(DATA SHOWN)
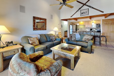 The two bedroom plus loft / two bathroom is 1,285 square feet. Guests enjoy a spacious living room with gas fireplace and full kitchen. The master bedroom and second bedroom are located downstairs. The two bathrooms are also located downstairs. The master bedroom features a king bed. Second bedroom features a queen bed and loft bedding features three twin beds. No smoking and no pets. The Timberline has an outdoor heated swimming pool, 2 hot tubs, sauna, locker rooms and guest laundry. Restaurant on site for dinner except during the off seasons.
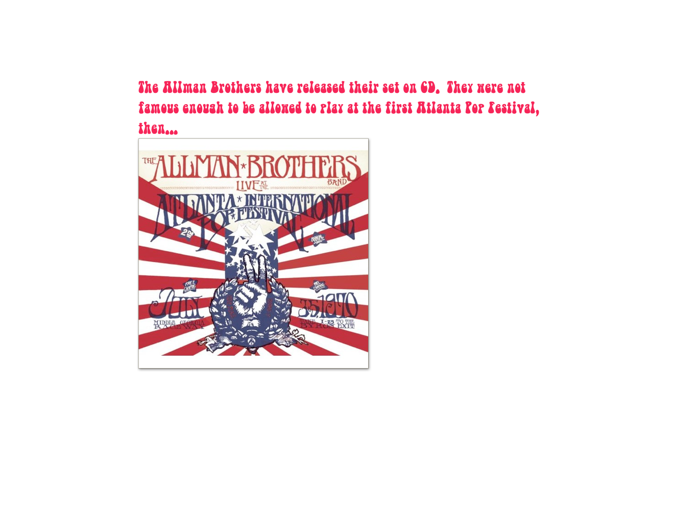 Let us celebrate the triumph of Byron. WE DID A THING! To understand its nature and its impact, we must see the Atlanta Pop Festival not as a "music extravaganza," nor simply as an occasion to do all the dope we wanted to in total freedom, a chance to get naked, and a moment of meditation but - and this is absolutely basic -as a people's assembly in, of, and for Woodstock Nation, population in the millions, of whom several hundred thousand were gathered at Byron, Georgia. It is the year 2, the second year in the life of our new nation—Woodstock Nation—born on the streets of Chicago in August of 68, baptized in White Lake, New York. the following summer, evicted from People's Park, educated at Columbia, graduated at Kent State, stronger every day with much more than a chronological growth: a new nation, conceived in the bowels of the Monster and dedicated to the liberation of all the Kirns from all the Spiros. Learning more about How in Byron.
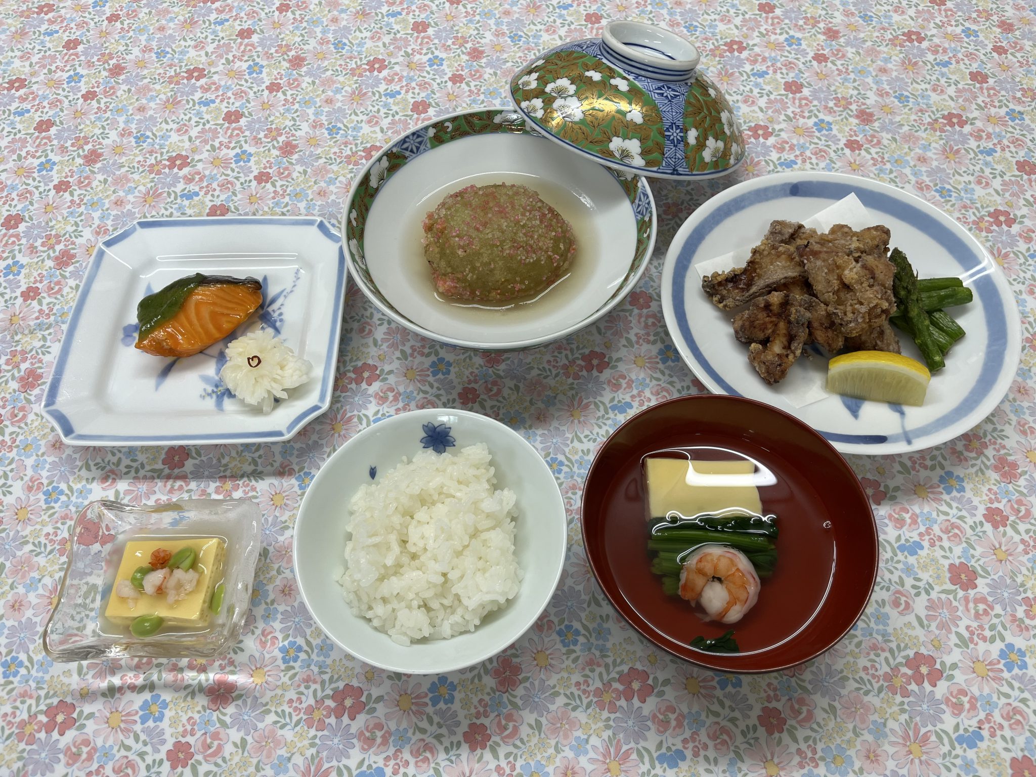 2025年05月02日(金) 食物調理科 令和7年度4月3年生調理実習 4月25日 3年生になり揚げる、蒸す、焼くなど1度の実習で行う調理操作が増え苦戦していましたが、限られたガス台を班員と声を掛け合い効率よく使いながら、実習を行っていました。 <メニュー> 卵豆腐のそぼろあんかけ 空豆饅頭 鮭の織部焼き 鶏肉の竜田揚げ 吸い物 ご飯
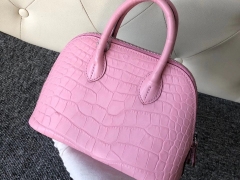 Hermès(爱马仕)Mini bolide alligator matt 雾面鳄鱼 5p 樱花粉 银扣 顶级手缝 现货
(End DATA SHOWN)
(DATA SHOWN)
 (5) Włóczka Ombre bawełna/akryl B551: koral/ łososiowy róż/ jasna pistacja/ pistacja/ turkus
(End DATA SHOWN)
(DATA SHOWN)
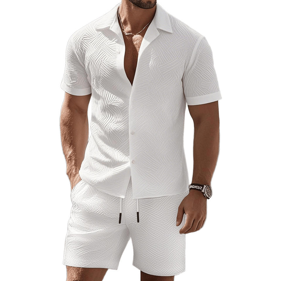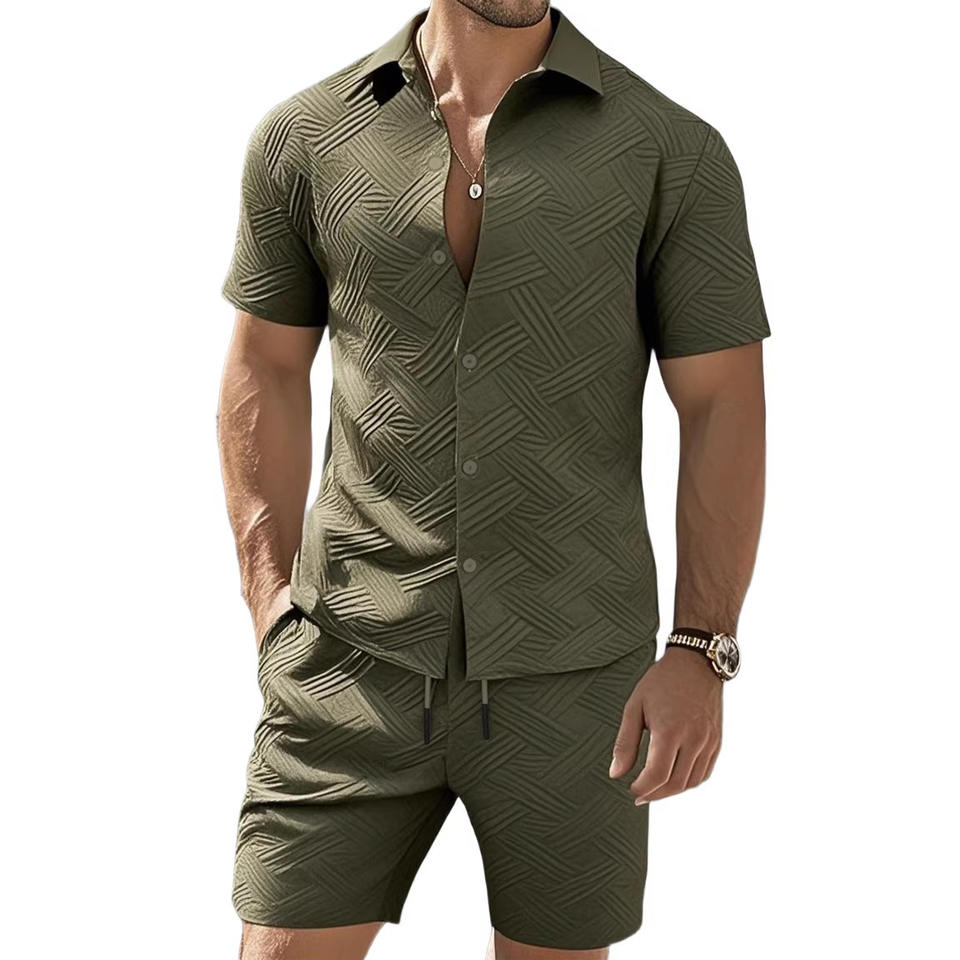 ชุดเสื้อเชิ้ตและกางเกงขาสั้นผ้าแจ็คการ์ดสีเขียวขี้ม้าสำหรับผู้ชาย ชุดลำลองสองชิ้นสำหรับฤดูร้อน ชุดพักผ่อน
(End DATA SHOWN)
**AIM OF THE EXERCISE:**
Would you restate, exactly and with no pictures, the lines of the entries above from the one containing "The two bedroom" through the one containing "Hermès(爱马仕)Mini bolide alligator"?

**WRITTEN ANSWER:**
 The two bedroom plus loft / two bathroom is 1,285 square feet. Guests enjoy a spacious living room with gas fireplace and full kitchen. The master bedroom and second bedroom are located downstairs. The two bathrooms are also located downstairs. The master bedroom features a king bed. Second bedroom features a queen bed and loft bedding features three twin beds. No smoking and no pets. The Timberline has an outdoor heated swimming pool, 2 hot tubs, sauna, locker rooms and guest laundry. Restaurant on site for dinner except during the off seasons.
 Let us celebrate the triumph of Byron. WE DID A THING! To understand its nature and its impact, we must see the Atlanta Pop Festival not as a "music extravaganza," nor simply as an occasion to do all the dope we wanted to in total freedom, a chance to get naked, and a moment of meditation but - and this is absolutely basic -as a people's assembly in, of, and for Woodstock Nation, population in the millions, of whom several hundred thousand were gathered at Byron, Georgia. It is the year 2, the second year in the life of our new nation—Woodstock Nation—born on the streets of Chicago in August of 68, baptized in White Lake, New York. the following summer, evicted from People's Park, educated at Columbia, graduated at Kent State, stronger every day with much more than a chronological growth: a new nation, conceived in the bowels of the Monster and dedicated to the liberation of all the Kirns from all the Spiros. Learning more about How in Byron.
 2025年05月02日(金) 食物調理科 令和7年度4月3年生調理実習 4月25日 3年生になり揚げる、蒸す、焼くなど1度の実習で行う調理操作が増え苦戦していましたが、限られたガス台を班員と声を掛け合い効率よく使いながら、実習を行っていました。 <メニュー> 卵豆腐のそぼろあんかけ 空豆饅頭 鮭の織部焼き 鶏肉の竜田揚げ 吸い物 ご飯
 Hermès(爱马仕)Mini bolide alligator matt 雾面鳄鱼 5p 樱花粉 银扣 顶级手缝 现货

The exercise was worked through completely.